[Collection entries]

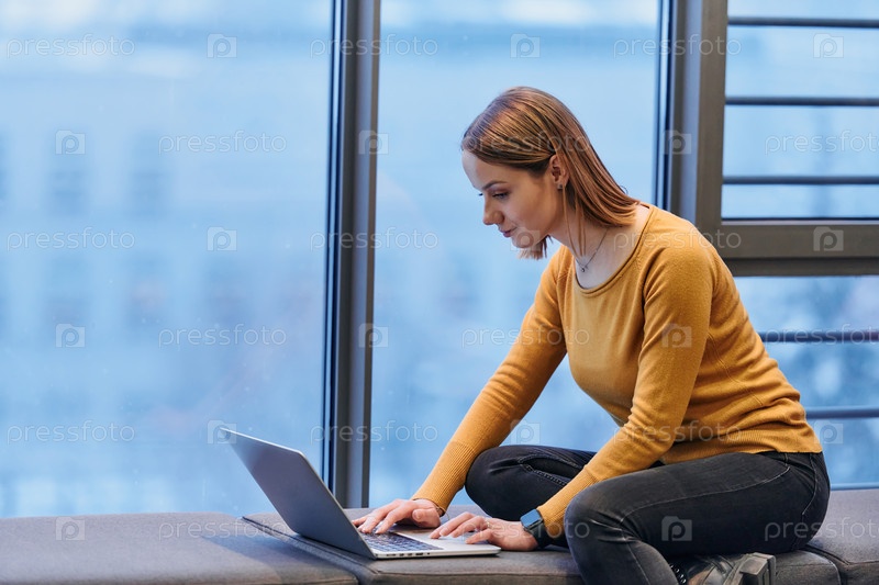 Деловая женщина пользуется ноутбуком, сидя у окна большого корпоративного здания, на фоне которого открывается живописный вид на городской пейзаж
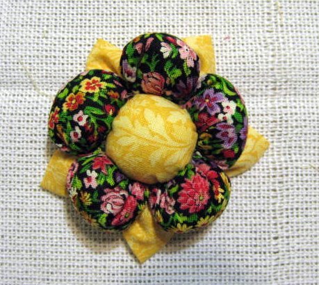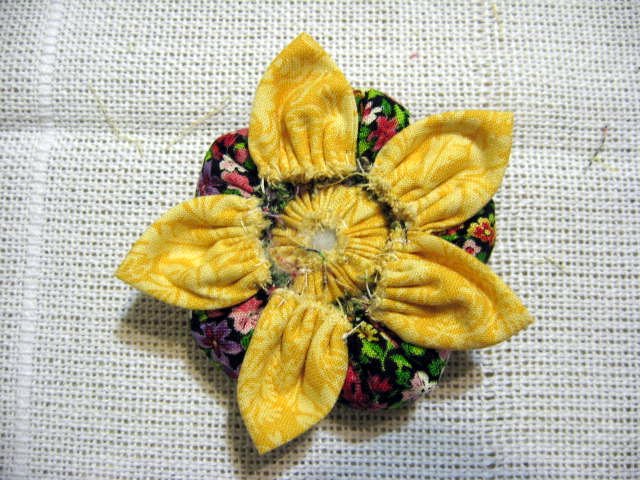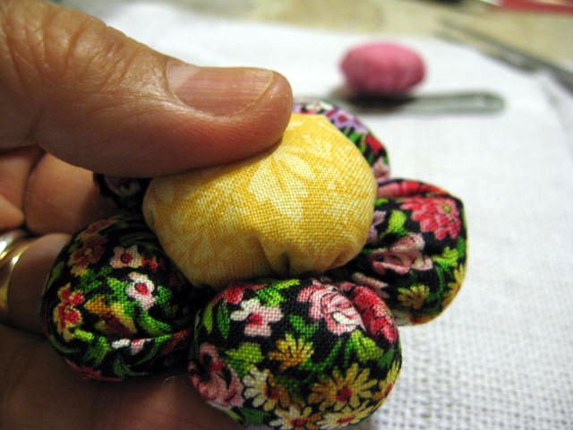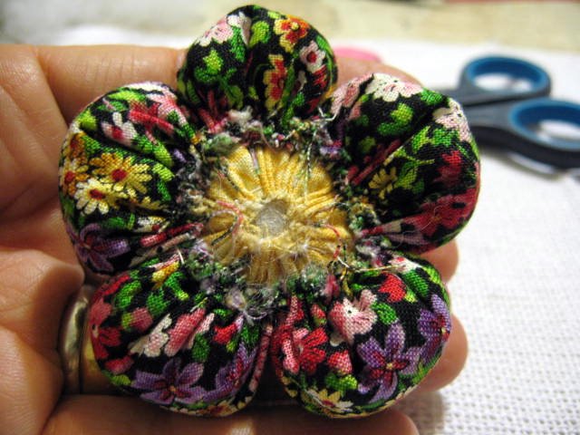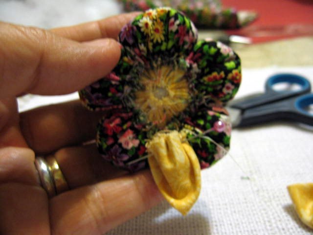 Faça o miolo da flor como foi ensinado no fuxico em ziguezague.
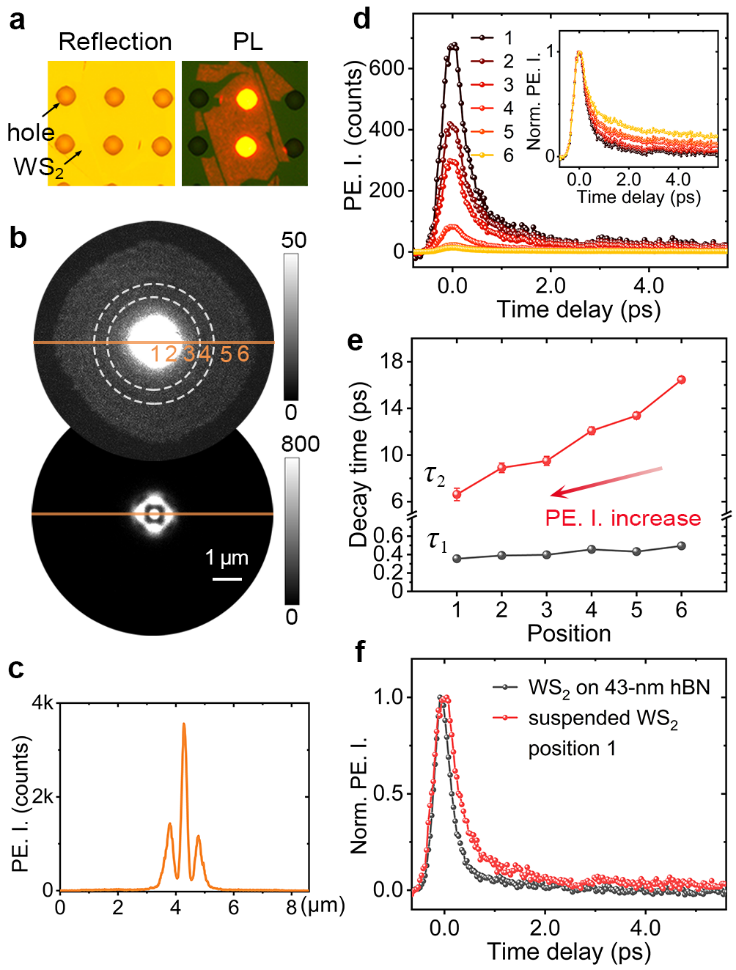 图3 悬空的单层WS2样品的时间分辨的PEEM测量。
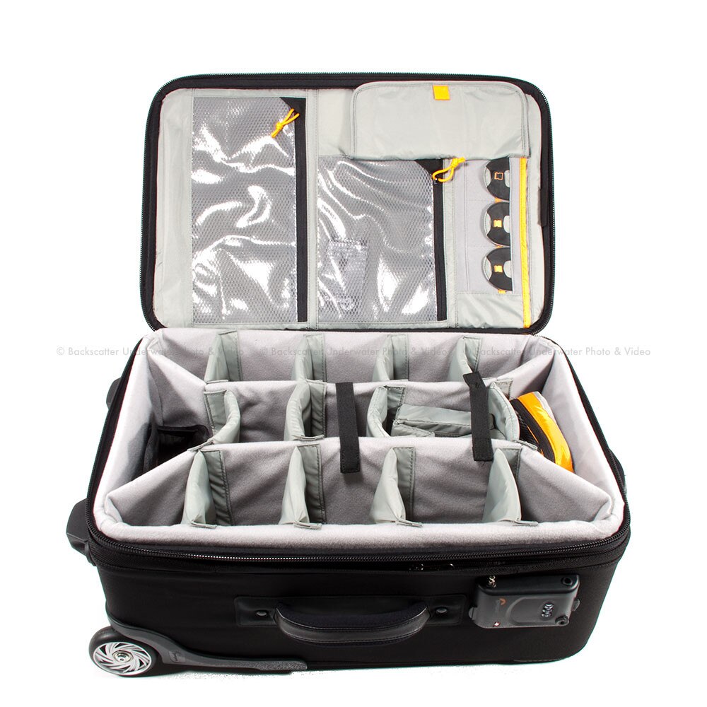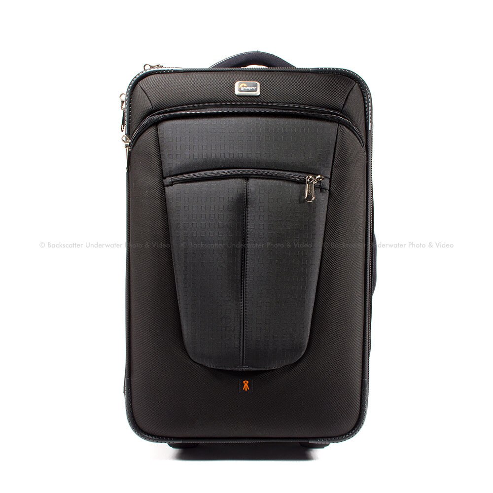 Premium wheels are removable and replaceable (with an Allen wrench) and feature Lowepro-designed housings. Additional features include: Hideaway Tripod Mount and removable tripod holder, Slip Lock attachment loops, hideaway prop foot, cord management pouch, empty/full indicator flaps on memory card pockets, ID card holder, additional space for documents and personal items, plus room for a notebook in front pocket. Airline regulations are subject to change.
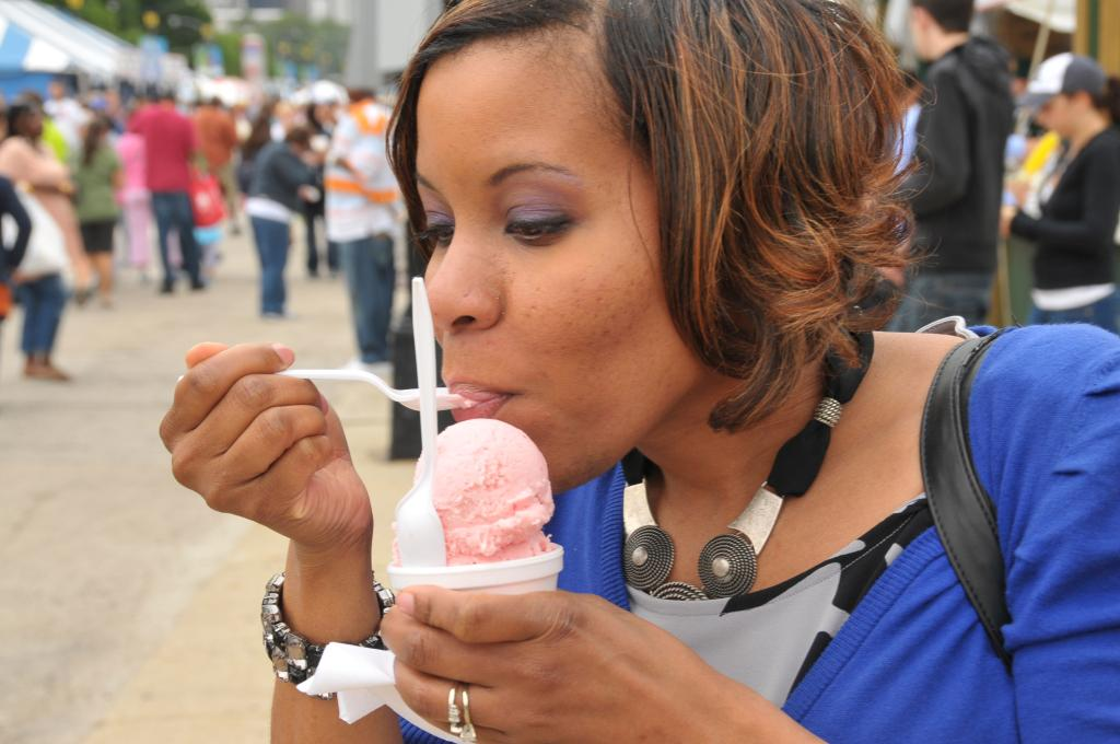 2011年6月24日,在美國芝加哥美食節(jié)上,一名女子品嘗冰激凌。新華社發(fā)(蔣新彤?dāng)z)
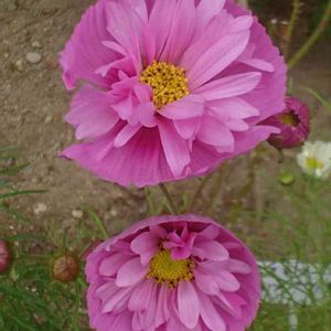 こんにちは🤗 零れ種からの、カップ咲きコスモス💕 もっと増えてくれるといいな 今日は涼しくて庭いじりにぴったり🎵今週は過ごしやすそうなので、花壇作りがはかどるといいな
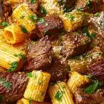 Picture this: tender, juicy cubes of steak seared to perfection, nestled among al dente rigatoni pasta, all coated in a luscious, savory garlic butter sauce. This Garlic Butter Steak Parmesan Rigatoni is pure comfort food at its finest—rich, hearty, and packed with bold flavors that feel both luxurious and soul-warming. Every bite melts in your mouth with the creamy parmesan backdrop and the satisfying chew of pasta.
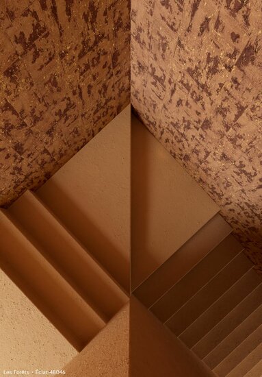 Éclat – Frans voor glans – toont een groot blokkenpatroon. Een fijn laagje echte kurk geeft dit dessin een stoere look. Die wordt verzacht door de subtiele glans die hier en daar door de kurk heen straalt.

WHAT IS REQUIRED
Repeat the records above exactly, from the first line through the line containing "こんにちは🤗 零れ種からの、カップ咲きコスモス💕 もっと増えてくれるといいな", and leave out the pictures.

SOLUTION TO THE PROBLEM
 Деловая женщина пользуется ноутбуком, сидя у окна большого корпоративного здания, на фоне которого открывается живописный вид на городской пейзаж
 Faça o miolo da flor como foi ensinado no fuxico em ziguezague.
 图3 悬空的单层WS2样品的时间分辨的PEEM测量。
 Premium wheels are removable and replaceable (with an Allen wrench) and feature Lowepro-designed housings. Additional features include: Hideaway Tripod Mount and removable tripod holder, Slip Lock attachment loops, hideaway prop foot, cord management pouch, empty/full indicator flaps on memory card pockets, ID card holder, additional space for documents and personal items, plus room for a notebook in front pocket. Airline regulations are subject to change.
 2011年6月24日,在美國芝加哥美食節(jié)上,一名女子品嘗冰激凌。新華社發(fā)(蔣新彤?dāng)z)
 こんにちは🤗 零れ種からの、カップ咲きコスモス💕 もっと増えてくれるといいな 今日は涼しくて庭いじりにぴったり🎵今週は過ごしやすそうなので、花壇作りがはかどるといいな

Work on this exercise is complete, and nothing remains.